- How to complete this task
Pictures must not appear in the copy. Restate exactly the lines below from the one with "1. Select the" through the one with "コードカオスの性能がパワフル", inclusive.

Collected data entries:
= Beginning of Section =

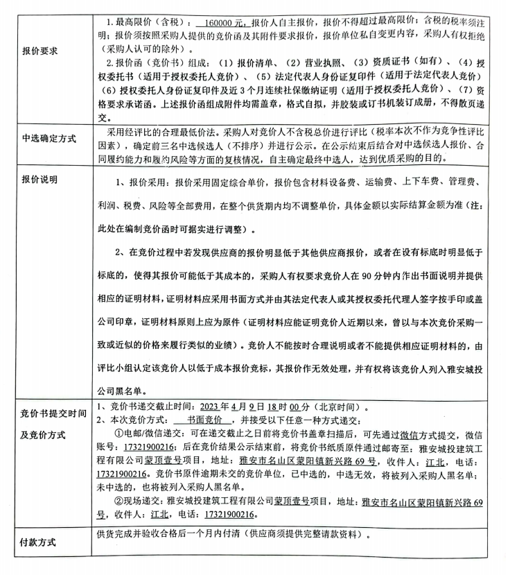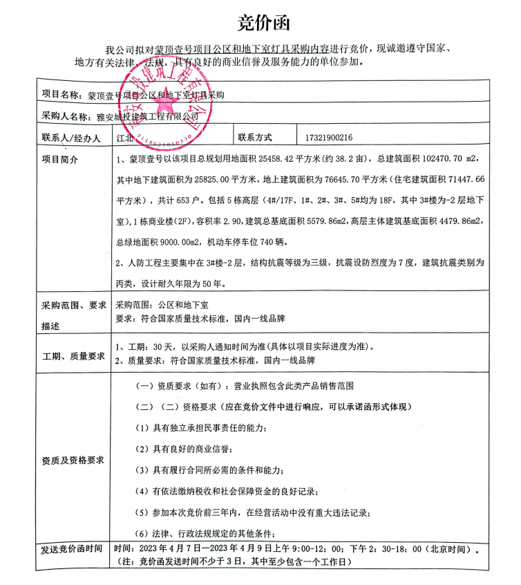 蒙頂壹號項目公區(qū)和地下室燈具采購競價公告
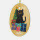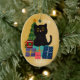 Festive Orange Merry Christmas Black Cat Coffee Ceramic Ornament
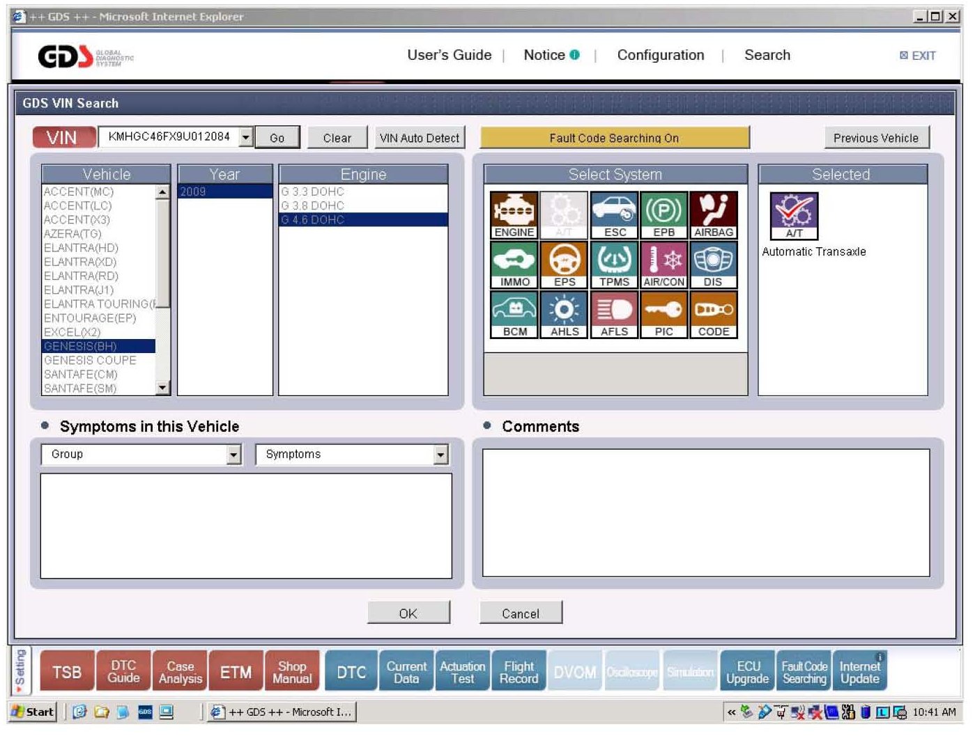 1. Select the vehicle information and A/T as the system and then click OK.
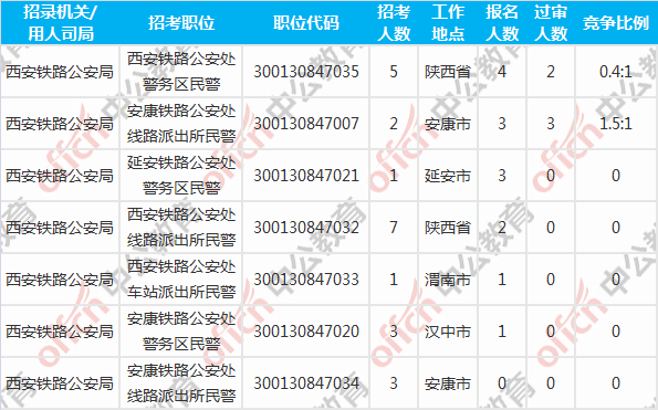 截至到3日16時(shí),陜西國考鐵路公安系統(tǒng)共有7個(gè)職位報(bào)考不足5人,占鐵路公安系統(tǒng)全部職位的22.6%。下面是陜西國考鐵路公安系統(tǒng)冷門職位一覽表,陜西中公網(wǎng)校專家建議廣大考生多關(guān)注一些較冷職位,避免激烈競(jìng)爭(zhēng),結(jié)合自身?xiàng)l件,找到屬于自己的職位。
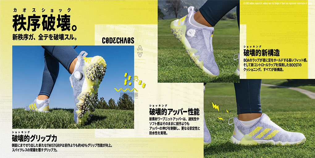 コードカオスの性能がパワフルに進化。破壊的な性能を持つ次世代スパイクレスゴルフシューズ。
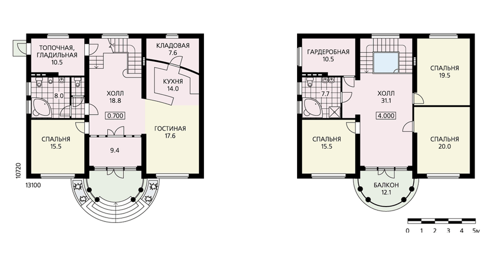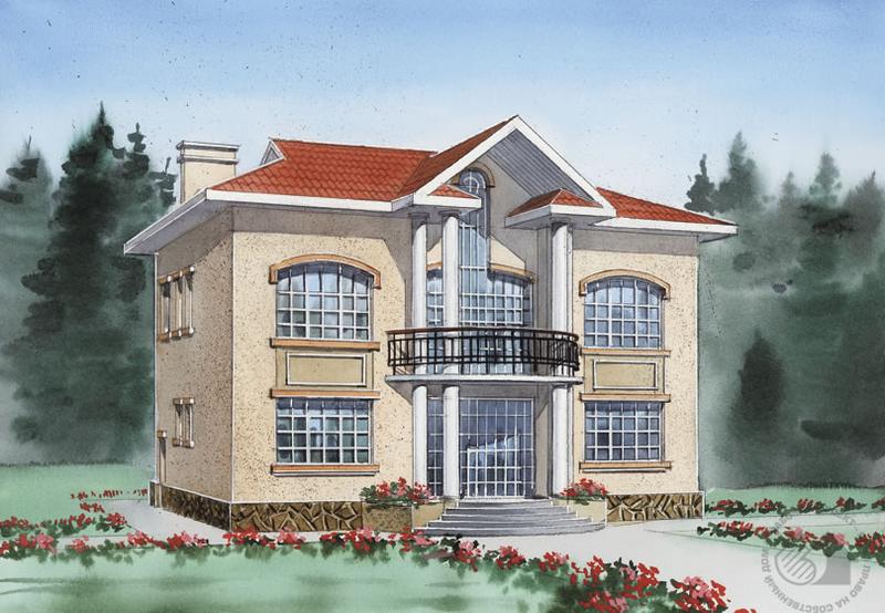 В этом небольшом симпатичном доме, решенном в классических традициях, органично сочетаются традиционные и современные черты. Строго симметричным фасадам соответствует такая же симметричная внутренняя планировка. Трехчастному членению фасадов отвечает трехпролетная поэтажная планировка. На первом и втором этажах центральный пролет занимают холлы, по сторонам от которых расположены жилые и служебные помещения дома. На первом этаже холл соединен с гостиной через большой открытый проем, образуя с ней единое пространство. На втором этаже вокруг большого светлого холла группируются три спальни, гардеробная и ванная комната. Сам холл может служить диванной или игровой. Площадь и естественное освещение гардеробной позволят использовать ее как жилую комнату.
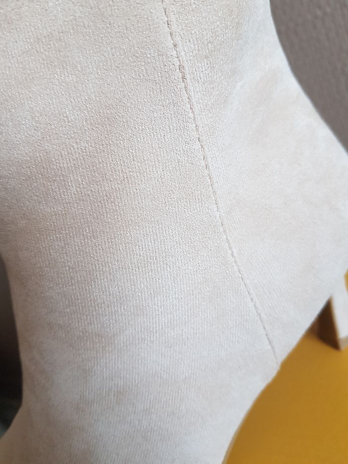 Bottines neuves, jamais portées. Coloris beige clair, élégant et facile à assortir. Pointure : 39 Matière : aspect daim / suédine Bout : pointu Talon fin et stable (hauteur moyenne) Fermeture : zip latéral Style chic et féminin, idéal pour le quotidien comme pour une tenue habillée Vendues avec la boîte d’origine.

= End of Section =

- Finished task
 1. Select the vehicle information and A/T as the system and then click OK.
 截至到3日16時(shí),陜西國考鐵路公安系統(tǒng)共有7個(gè)職位報(bào)考不足5人,占鐵路公安系統(tǒng)全部職位的22.6%。下面是陜西國考鐵路公安系統(tǒng)冷門職位一覽表,陜西中公網(wǎng)校專家建議廣大考生多關(guān)注一些較冷職位,避免激烈競(jìng)爭(zhēng),結(jié)合自身?xiàng)l件,找到屬于自己的職位。
 コードカオスの性能がパワフルに進化。破壊的な性能を持つ次世代スパイクレスゴルフシューズ。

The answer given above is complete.